Data:

:::::

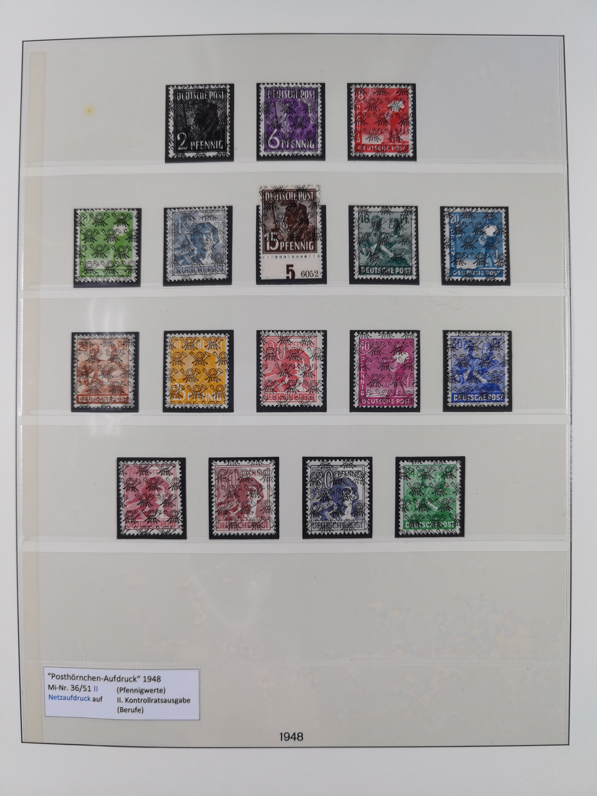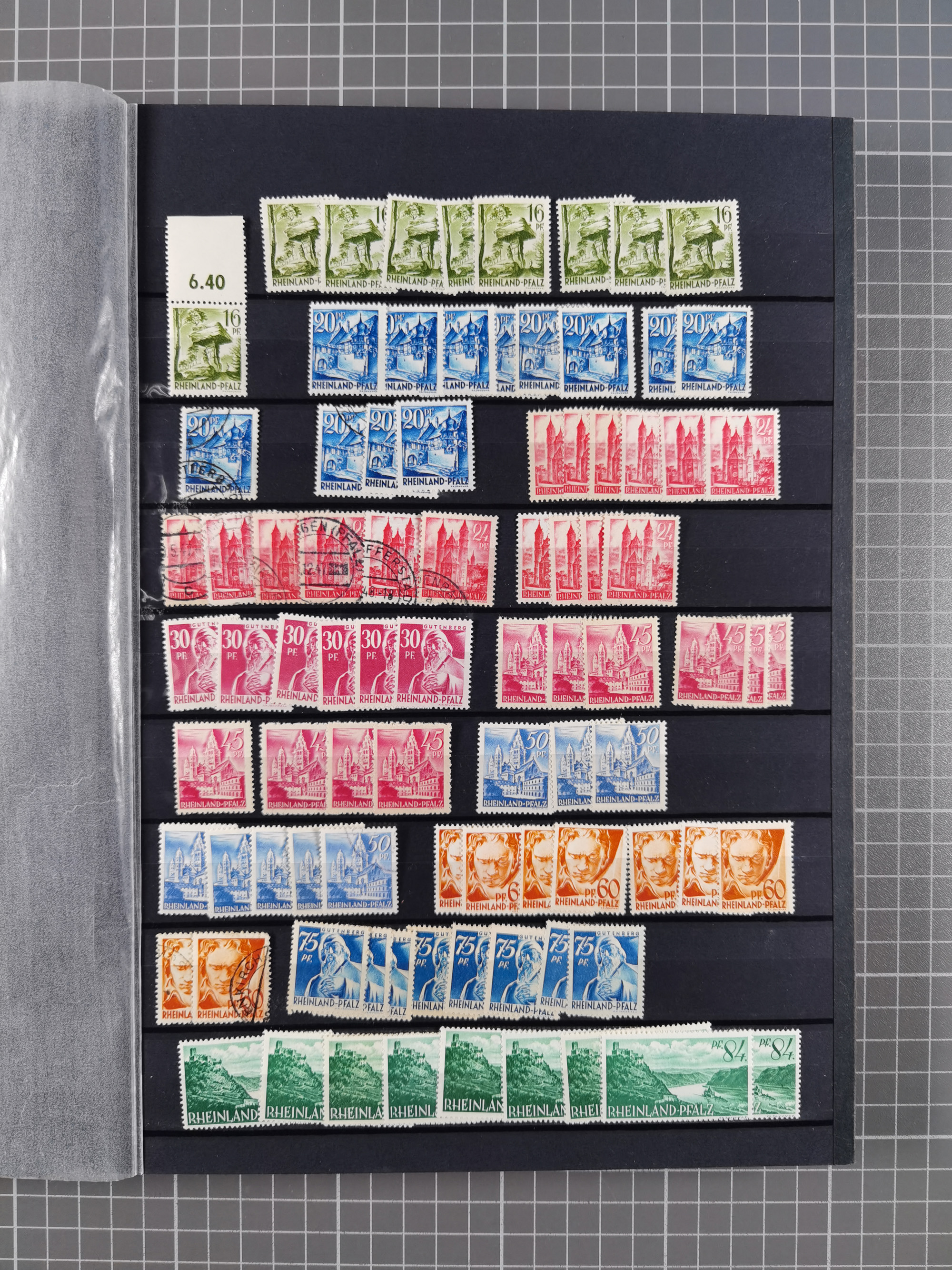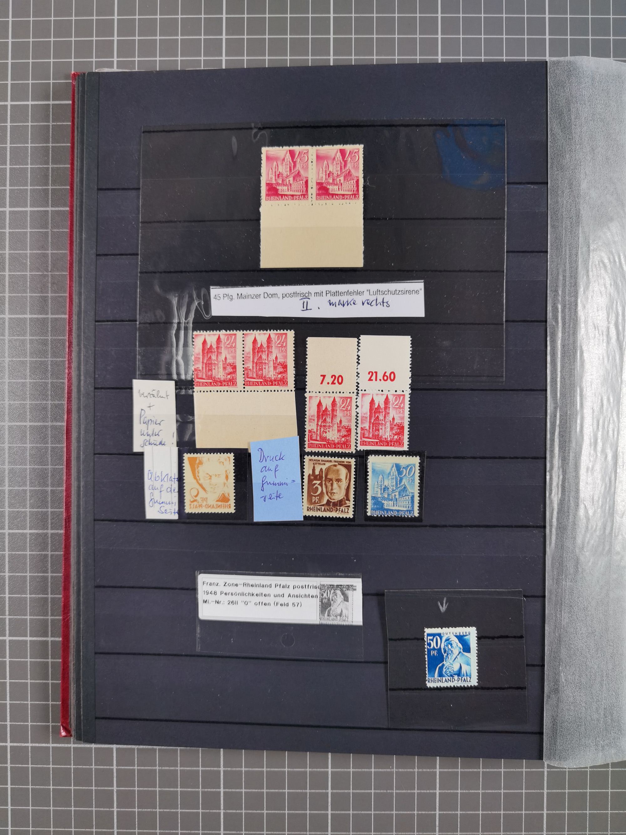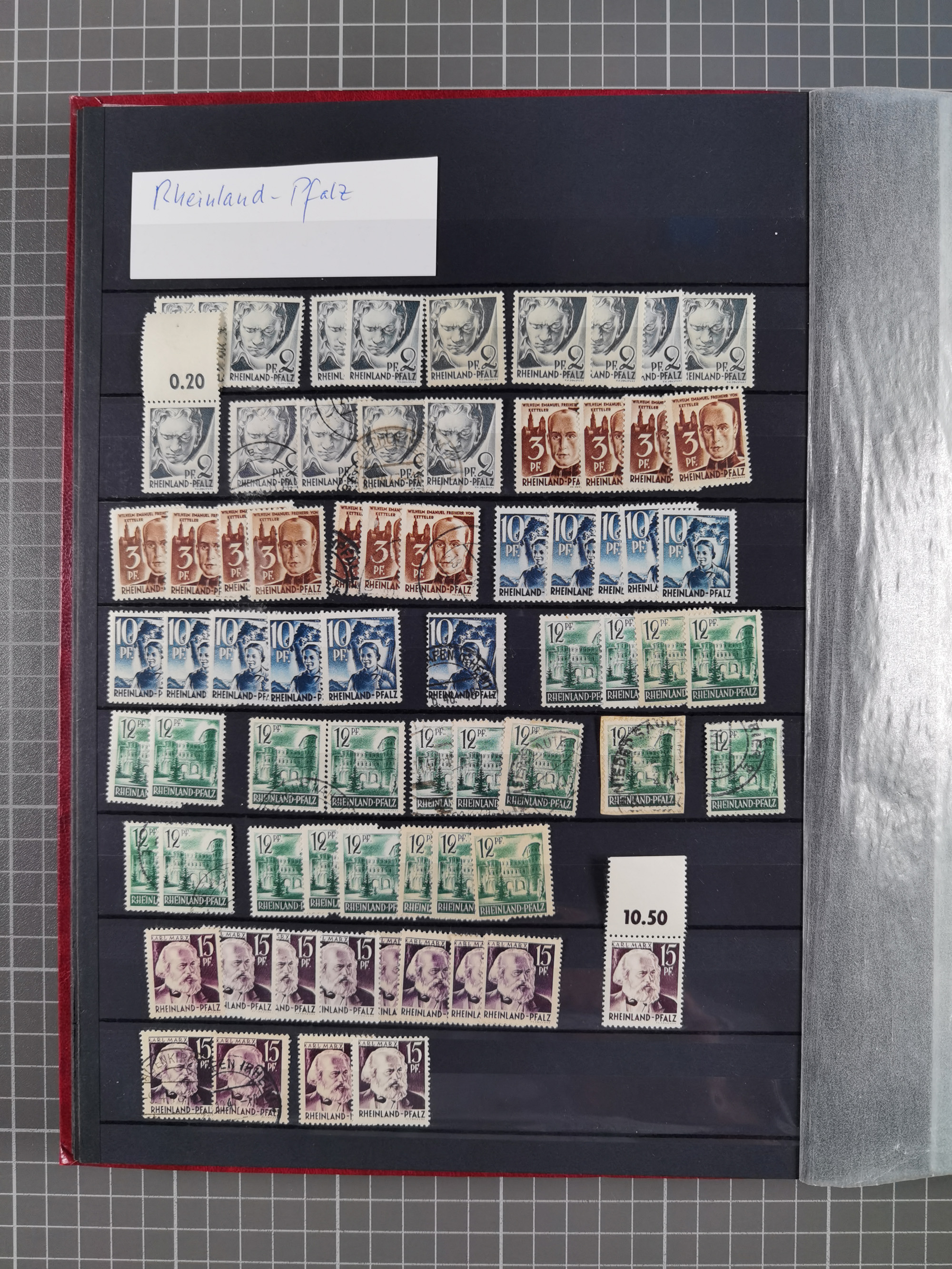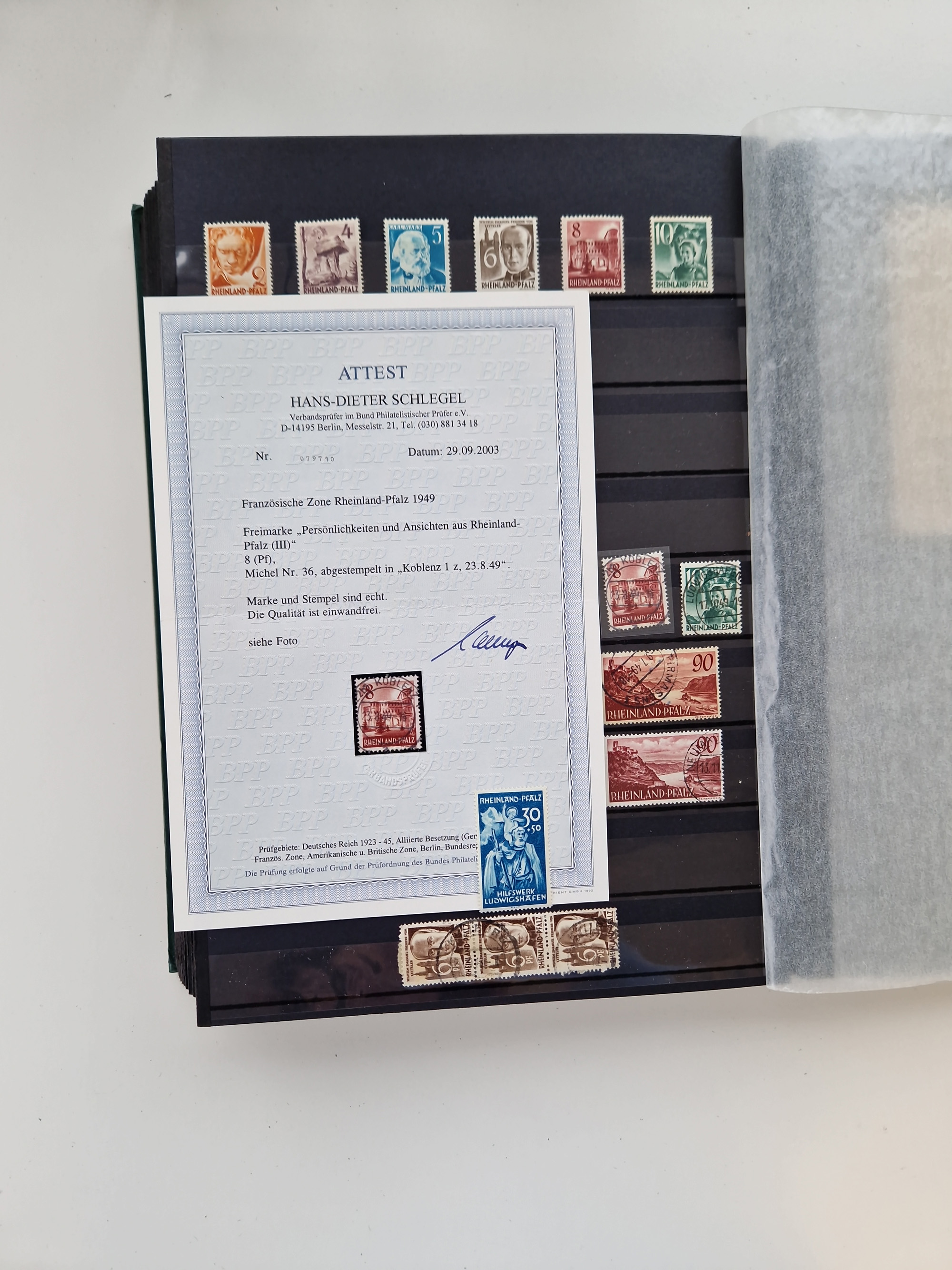 1948/51, meist postfrischer und gestempelter Bestand, angefangen ab Posthornsatz kpl. postfrisch sign. bzw. 70-90 Pfg. unsigniert mit Kurzbefund/Fotoattest Schlegel BPP, ferner 50 Pfg. (1) und 60 (2) doppelt, sowie Französische Zone mit Baden Bl. 1B gestempelt, 1A (2) und 1B postfrisch, Rheinland-Pfalz mit u.a. Mi.-Nr. 36 gestempelt sign. Schlegel BPP, 42-45A Eckrand postfrisch, Bl. 1 (2), sowie unzählige ungezähnte Werte, teils mehrfach, dabei u.a. 2U im Paar (KB D. Schlegel BPP), 7PU sign., 1yL im Paar gestempelt (KB Wehner BPP), etc., im Steckbuch
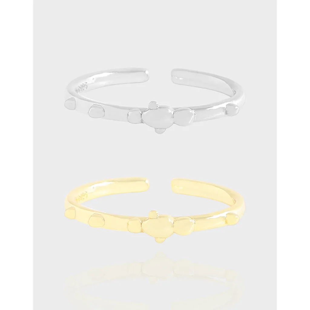 • Patterns & Textures: The smooth, polished band is adorned with organically shaped, raised beads, culminating in a central cluster that evokes a delicate constellation or an abstract natural pattern. This subtle yet tactile design bJelynithra Rings a unique, textural depth, reminiscent of earth’s inherent artistry.
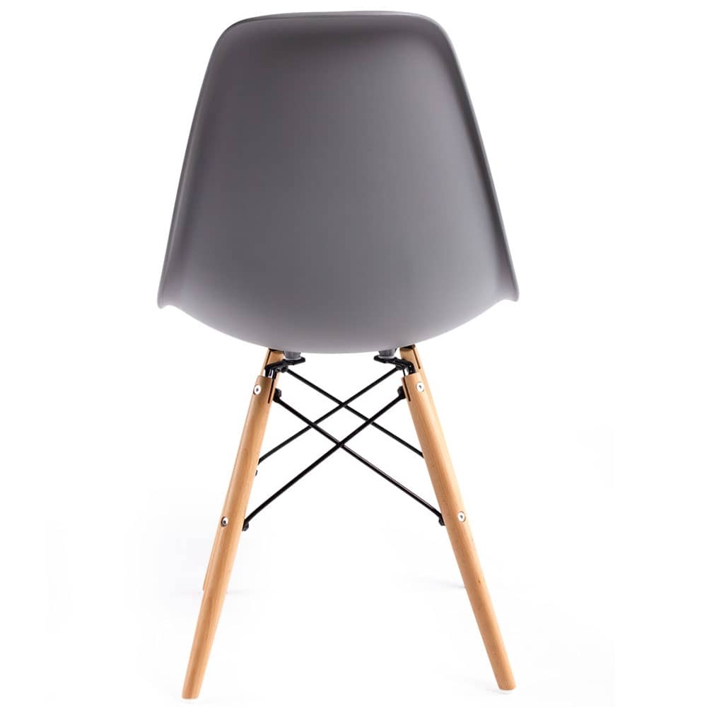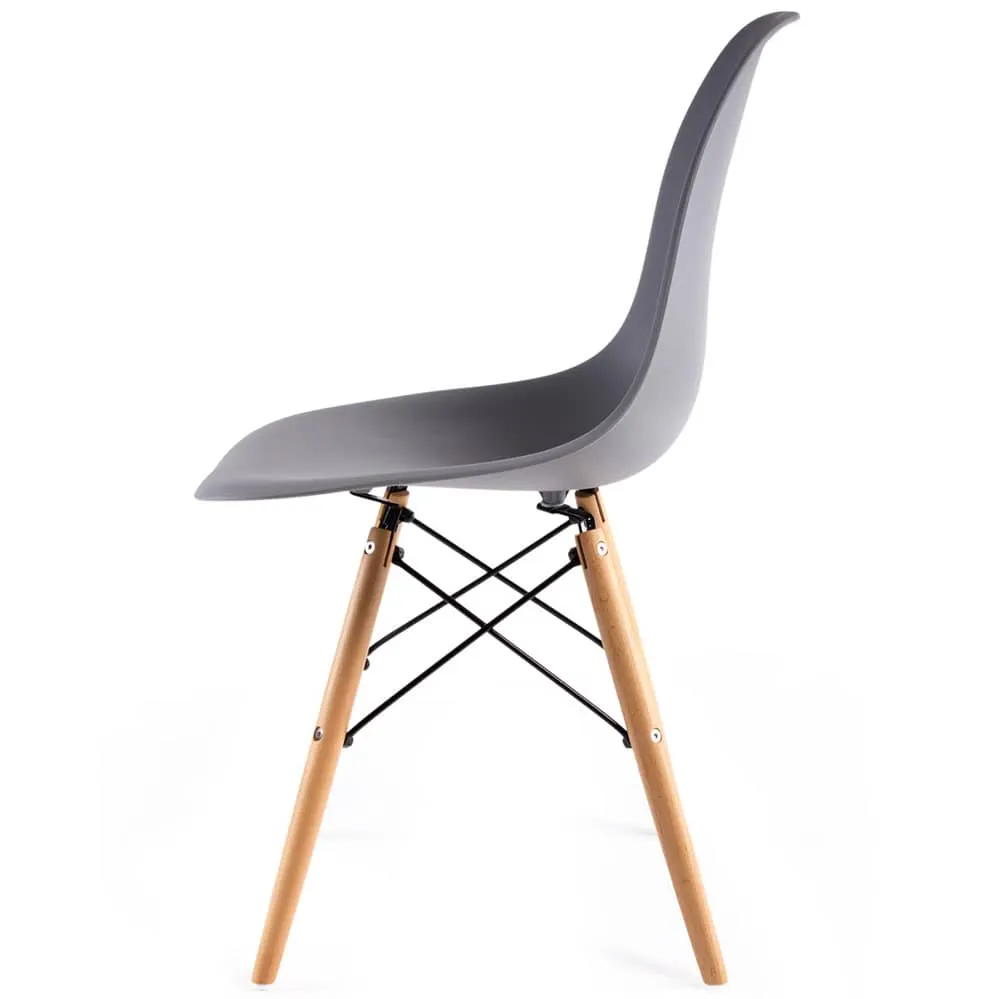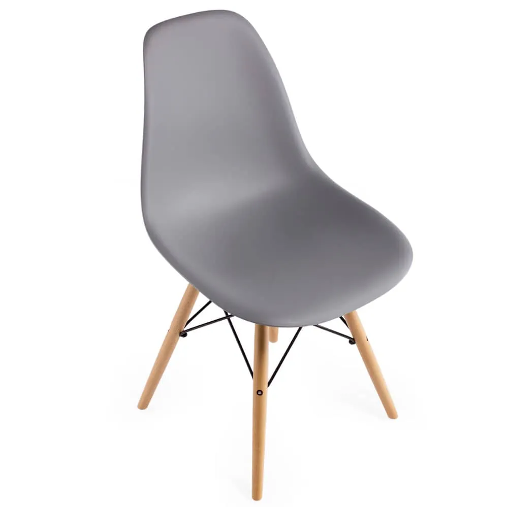 Сиденье выполнено из матового полипропилена, ножки и опоры из массива бука и металла.
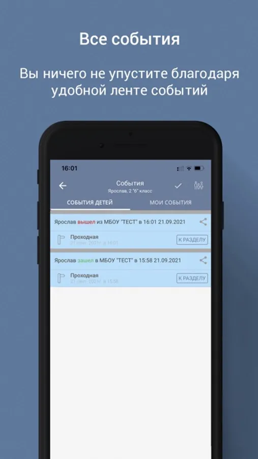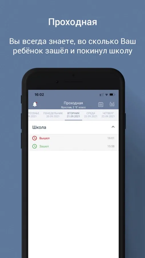 - получать оповещения о входе и выходе ребенка из школы с помощью Push-уведомлений и E-mail;

:::::

Instructions to follow: Nothing but the lines from the one containing "Сиденье выполнено из" through the end of the listing is to be output, and those lines are to be output exactly, pictures excluded.

Result of the task:
 Сиденье выполнено из матового полипропилена, ножки и опоры из массива бука и металла.
 - получать оповещения о входе и выходе ребенка из школы с помощью Push-уведомлений и E-mail;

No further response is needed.